Generally, I try to make a point of being as uninformed as possible. The reasons behind what some might call my apathetic lifestyle choice are threefold: One, I’m lazy. Two, this way I don’t have to worry about anyone bugging me, expecting me to know stuff. Three, I’m usually overwhelmed by the fact that I’m expected to change my underwear every couple of days. That’s a pretty significant obligation, and if I try to take on more social responsibility, I’m pretty sure my personal hygiene will suffer. I make a few exceptions to this rule, occasionally departing the apathy train. But it takes a pretty powerful impetus—such as an issue that will have a major impact on my quality of life. If the city decides to crack down on riffraff (code: me and people like me), or shut down McCarthy’s, or pass a law against gawkers at Pirate’s Cove, at the very least I’ll put on a pair of pants, head down to the city council meeting, and issue an opinion on the subject.
So I’m a little baffled by the fact that most of the coastal cities who will be most directly impacted by PG&E’s proposed (and now delayed) seismic testing have had very little to say on the subject. Morro Bay’s City Council came out swinging on behalf of its fishing industry, but what do its neighbors to the south have to say on the subject?
Very little, apparently.
I mean, essentially that’s what city councils do, right? They issue proclamations along the lines of: Likes—firefighters, fishing, long walks on local beaches, tourists. Dislikes—anyone who tries to mess with our fishing industry. Any time there’s a major issue that will have a profound effect on the community, they issue a statement about said issue, whether they’re capable of influencing the outcome or not. That way, they can at least tell their constituents they undertook the grave and terrifying task of formulating an opinion—even if they didn’t actually do all that much to act on said opinion.
So, Pismo Beach, what say you? Wait, I’m sorry, that was rude of me. I forgot that Pismo Beach Mayor Pro Tem Kris Vardas is actually a paid spokesman for PG&E. And, in fact, that he very recently attended a Fish and Game Commission meeting arguing in support of the seismic studies on the utility company’s behalf. Maybe the reason the Pismo Beach City Council hasn’t had much to say on the subject is because its mayor has been too preoccupied taking orders from PG&E to lead the community in addressing the impact the seismic studies would have on his constituents? Sorry, Pismo Beach. My bad. I wouldn’t want to interfere with your mayor’s ability to make some extra cash on the side. Just forget it. Let’s all wing it, and just see what happens! It’ll be fun, like waiting for a tornado or hurricane when you’ve done absolutely nothing to prepare because the tornado gave your mayor a fat wad of cash, which is crammed in his mouth and keeping any warnings or other words from coming out.
Of course, Pismo Beach doesn’t get all the credit for failing to follow Morro Bay City Council’s lead. Grover Beach has been uncomfortably silent on the subject as well.
Oh, crap, I did it again.
I’m sorry. I forgot that Grover Beach Mayor John Shoals is also on PG&E’s payroll. We certainly can’t expect him to lead any kind of effort to better understand the impact seismic studies will have on his city—not when it’s in his best financial interests to play yes man to PG&E.
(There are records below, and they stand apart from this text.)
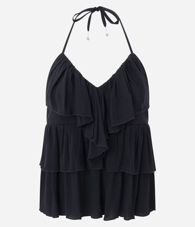 Blusa Frente Única com Babados e Amarração
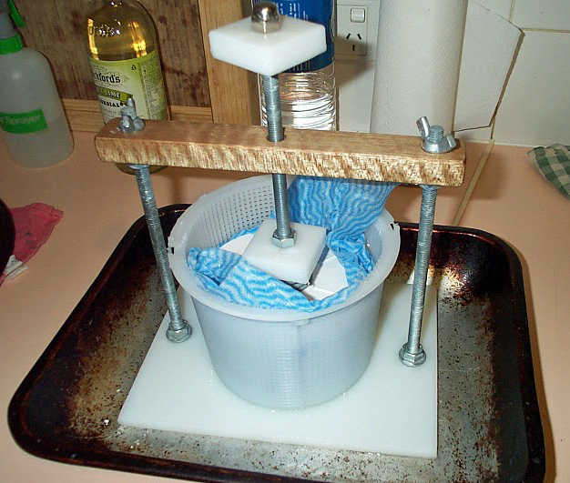 Fill with remainder of curd and press at 10 pounds (5kg) for 15 minutes. Carefully remove cheese from cloth, turn over and press at 50 pounds (25kg) for 12 hours.
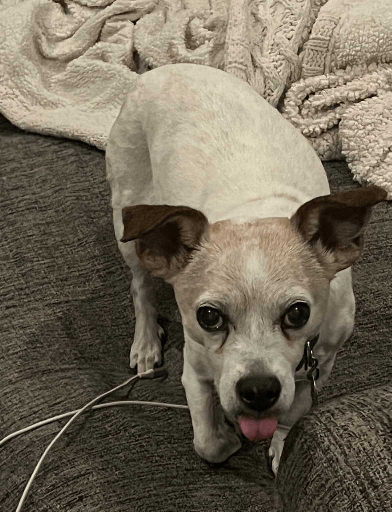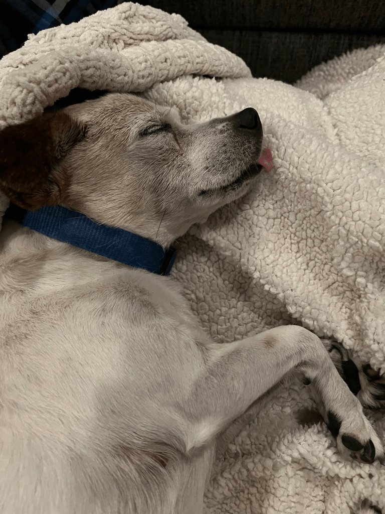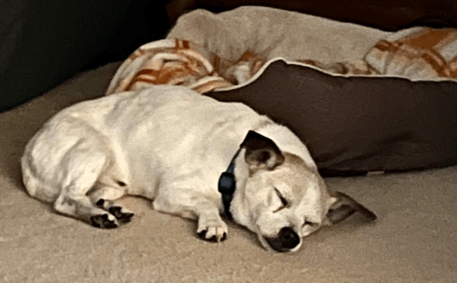 He could be stubborn. See above sleeping in front of his bed instead of in it…just because. He was definitely Tracy and Linnea’s dog. Even though I mostly fed him and did much of the caretaking for him. Let me tell you, he became quite a picky eater. Food he ate happily for a few days got a turned up nose by day five. So, I’d try something new. Nope. Okay, how about this. Nope. Maybe a scrambled egg? Nope. How about some ground beef and rice? Well okay. But only for three days. Then we start again. Despite this, at the end of the evening when he’d finally get his couch time, he’d curl up next to…Tracy. Maybe because I also clipped his toenails as part of the caretaking. He acted like I was cutting off a toe. See above about bravery.
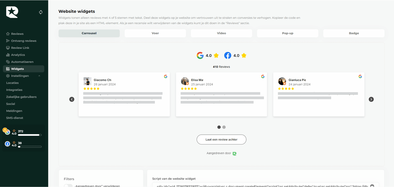 Wil je gewoon je sterrenreview laten zien voor je geïntegreerde platforms? Installeer de widget Badge en hij blijft plakken op alle pagina’s waarop je hem installeert.

I’m actually noticing a theme, something along the lines of elected officials with financial interests that undermine their loyalty and commitment to their constituents, PG&E having its fingers up so many elected behinds that city council meetings look like a marionette convention, except marionettes operate with strings from above, right? Looks like it’s back to Puppetry 101 for me.
Wait, hold on. PG&E’s on the other line, and it looks like it’s going to help me out with the whole being able to afford beer thing, so I guess I’m officially announcing that I, too, am now a PG&E spokesperson. And you can look forward to never reading another negative thing about PG&E in this column ever again. Or, at least, until it stops depositing those handsome, handsome Franklins into my bank account.
PS: Confidential to candidate Jerry Jones, who, in this week’s cover story, said, “They spend money like crazy Indians.” Really? Sure, you added a “not to be derogatory” to that phrase, but are you trying to make Paso Robles look backwater? With wannabe city council members like this, who needs red-faced rodeo clowns?